Obviously geography and population density - network effects scale with the square of population in reasonable service area - are huge factors. A multi-day freight trip is quite common while only a tiny fraction of passenger trips are more than a few hours - the reasonable service areas are vastly different.
In Europe you have multiple overlapping country sized rail networks. While this gives the impression of a continental sized network (especially to Eurail pass riding in American tourists) very few people are taking trains journeys more than a few hours even in Europe.

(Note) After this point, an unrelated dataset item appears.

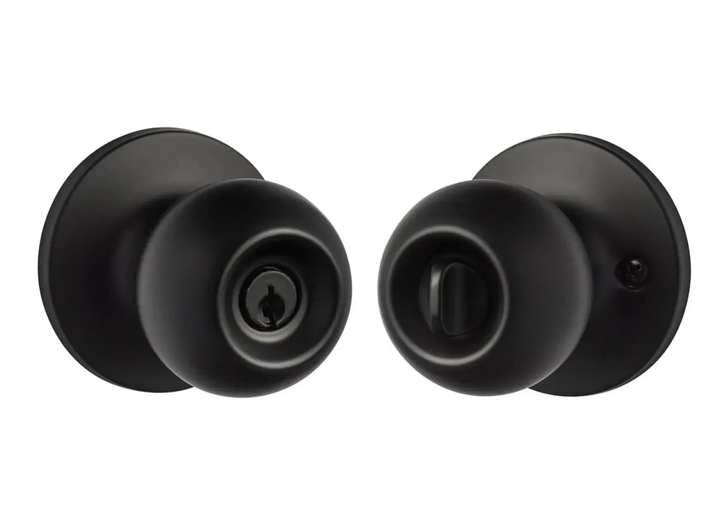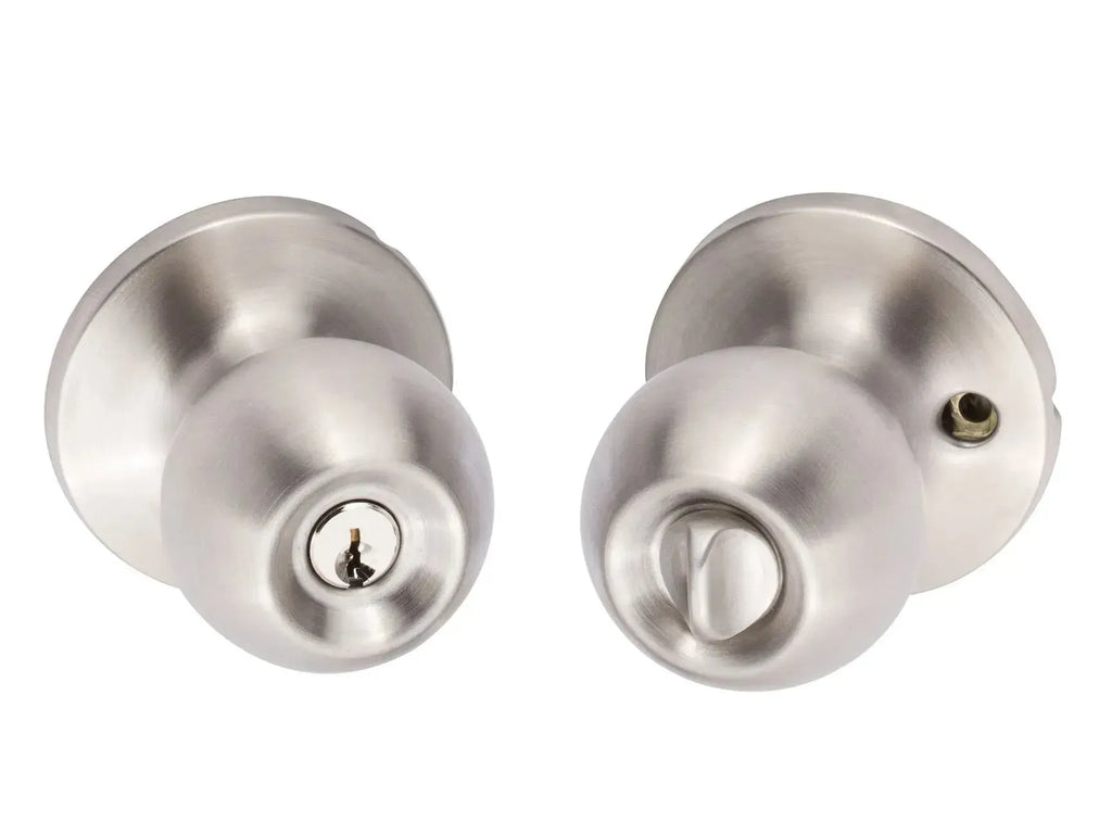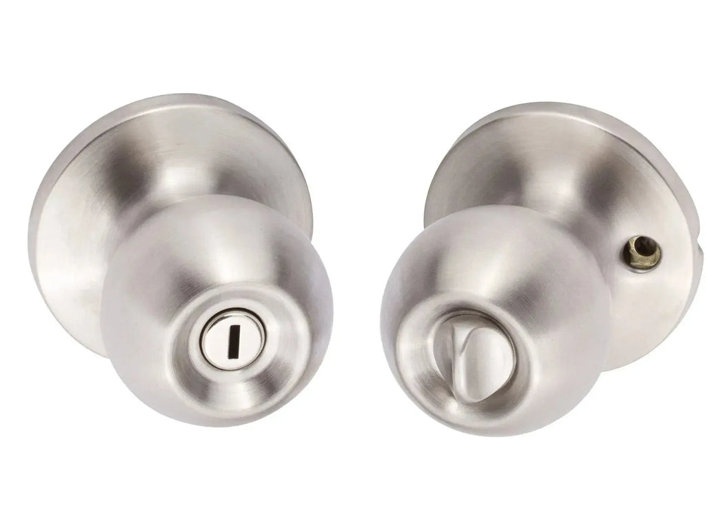 - Privacy knobs are ideal for bedrooms or bathrooms. Locked by finger turn. Unlocked by finger turn or coin slot from the outside
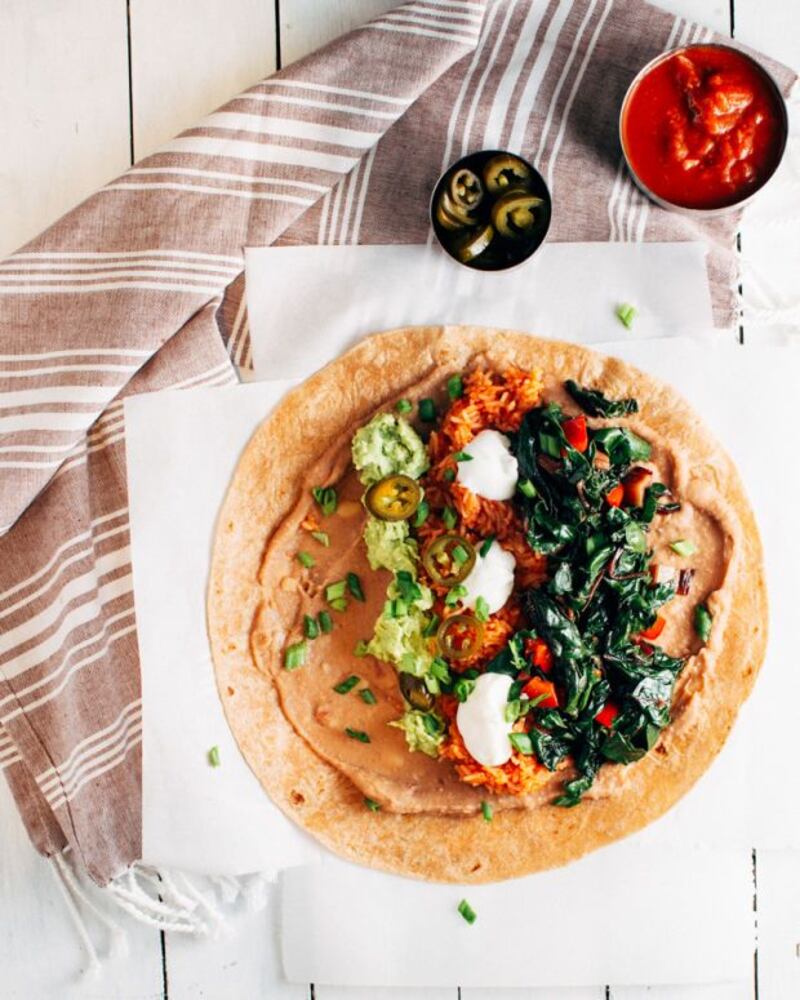 - Burritos au riz mexicain et aux haricots frits

Another big issue is the incompatibility of freight and passenger rail services. It is very difficult to run both services on the same tracks at high service levels. The US focus on fright has hampered long distance and even regional passenger rail services. While in France the government decided to focus on passengers and eliminated all but a few freight routes. It would take an additional complete parallel rail infrastructure to do both well which would be quite expensive. So far the US and Europe haven’t thought this was worth it. China might be going this way.
Perhaps this simply makes sense given the differing situations.
It's not a huge difference. By tonne-km, the EU uses rail for 17%, and the USA for 31%.
So I accept that the USA uses the rail network almost entirely for freight, but it's not true that the EU transfers "almost all" freight by truck.
Freight trains in Europe tend to run at much higher speeds than in the USA. For example, in Britain container trains can run at up to 75mph, and 140km/h in Germany. But compared to the USA, Europe already has a complete parallel infrastructure: pretty much every route has two tracks. I've only been on one long-distance passenger train in the USA, but there were long periods where there was only a single track.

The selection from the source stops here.